I've always worked with linear shared memory (load, store, access neighbors) but I've made a simple test in 2D to study bank conflicts which results have confused me.
The next code read data from one dimensional global memory array to shared memory and copy it back from shared memory to global memory.
__global__ void update(int* gIn, int* gOut, int w) {
// shared memory space
__shared__ int shData[16][16];
// map from threadIdx/BlockIdx to data position
int x = threadIdx.x + blockIdx.x * blockDim.x;
int y = threadIdx.y + blockIdx.y * blockDim.y;
// calculate the global id into the one dimensional array
int gid = x + y * w;
// load shared memory
shData[threadIdx.x][threadIdx.y] = gIn[gid];
// synchronize threads not really needed but keep it for convenience
__syncthreads();
// write data back to global memory
gOut[gid] = shData[threadIdx.x][threadIdx.y];
}
The visual profiler reported conflicts in shared memory.

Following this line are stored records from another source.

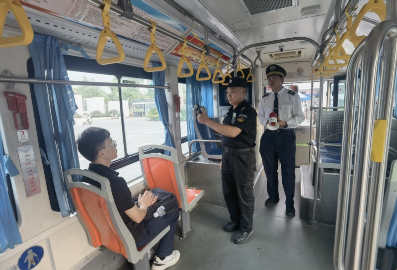 为更好的服务师生员工,前期,保卫处党支部面向全体师生员工就13路公交车进花江校区通勤发放网上调查问卷,并与校学生会召开专题座谈会,详细了解师生员工诉求。经实地走访调研,结合学校实际,在花江校区内设置临时停靠站点8个,覆盖教学区及学生宿舍区。为防止校外无关人员进入校园,保卫处党支部党员在花江校区南门公交停靠点上车,用手持人脸识别设备核验乘客身份,身份核验后方可进校。
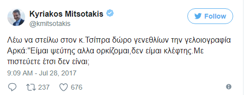 Με αφορμή τη δήλωση του κ. Τσίπρασε συνέντευξή του στην εφημερίδα The Guardian όπου και είχε δηλώσει μεταξύ άλλων πως κανένας στο δρόμο δεν θα κατηγορήσει τα μέλη της κυβέρνησης ότι είναι κλέφτες, ο κ. Μητσοτάκης χρησιμοποιήσε μία γελοιογραφία του Αγια να ευχηθεί:
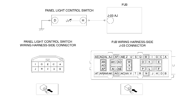 • Inspect for continuity between PJB terminal J-03 AJ (wiring harness-side) and panel light control switch terminal H (wiring harness-side).
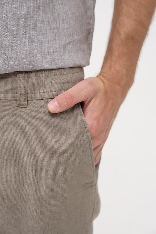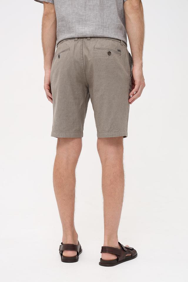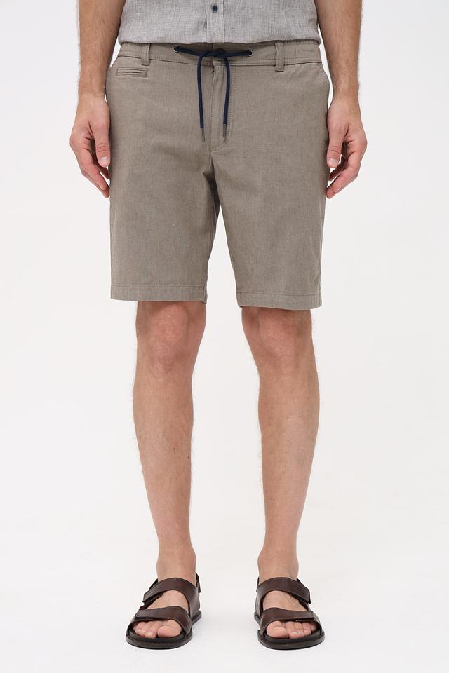 Мужские шорты Bugatti цвета хаки — удобная и стильная модель с эластичным поясом и кулиской. Шорты выполнены из смесовой ткани, сочетающей в себе хлопок, лен и эластан, что обеспечивает комфорт и практичность. Состав: хлопок 55%, лен 44%, эластан 1%
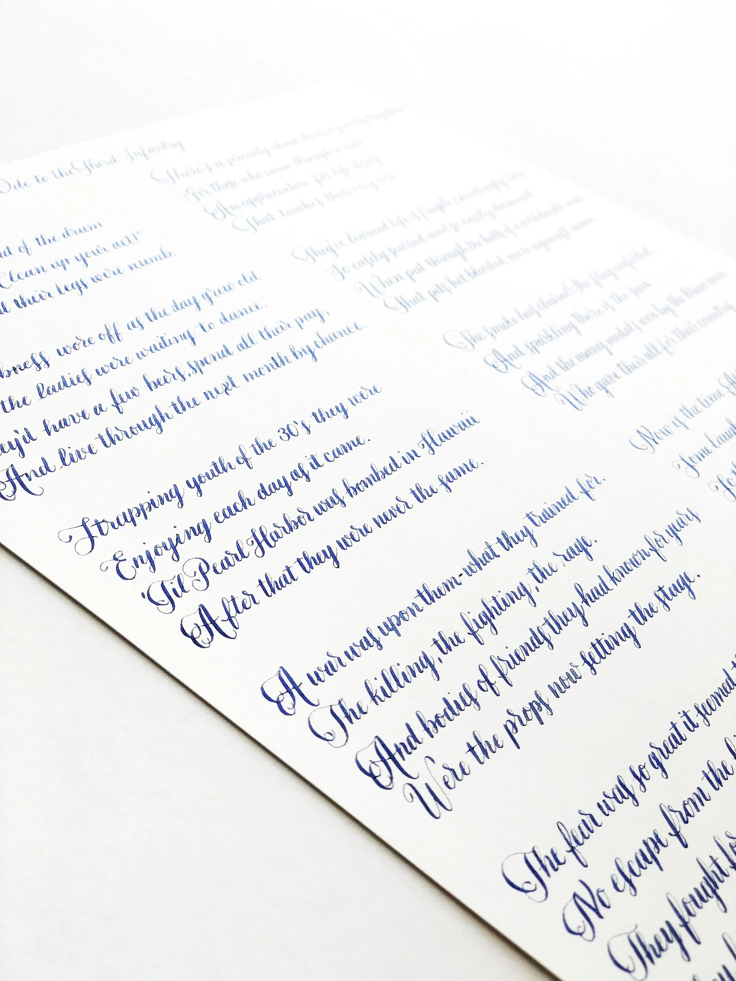 There are a lot of calligraphy styles and projects I do! From pointed pen to digital calligraphy and everything in between, XO Art & Design can create the perfect piece for you.
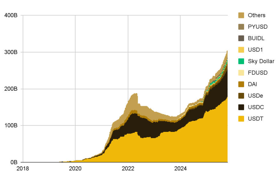 이러한 빠른 채택 흐름에 맞추어, 전체 스테이블코인 시가총액은 2020년 이후 가파르게 증가해 2025년 10월에 3,000억 달러를 돌파했습니다.

The next code avoid thouse conflicts (only show the differences)
// load shared memory
shData[threadIdx.y][threadIdx.x] = gIn[gid];
// write data back to global memory
gOut[gid] = shData[threadIdx.y][threadIdx.x];
This behavior has confused me because in Programming Massively Parallel Processors. A Hands-on approach we can read:
matrix elements in C and CUDA are placed into the linearly addressed locations according to the row major convention. That is, the elements of row 0 of a matrix are first placed in order into consecutive locations.
Is this related to shared memory arrangement? or with threads indexes? Maybe am I missing something?
The kernel configuration is as follow:
// kernel configuration
dim3 dimBlock = dim3 ( 16, 16, 1 );
dim3 dimGrid = dim3 ( 64, 64 );
// Launching a grid of 64x64 blocks with 16x16 threads -> 1048576 threads
update<<<dimGrid, dimBlock>>>(d_input, d_output, 1024);
Thanks in advance.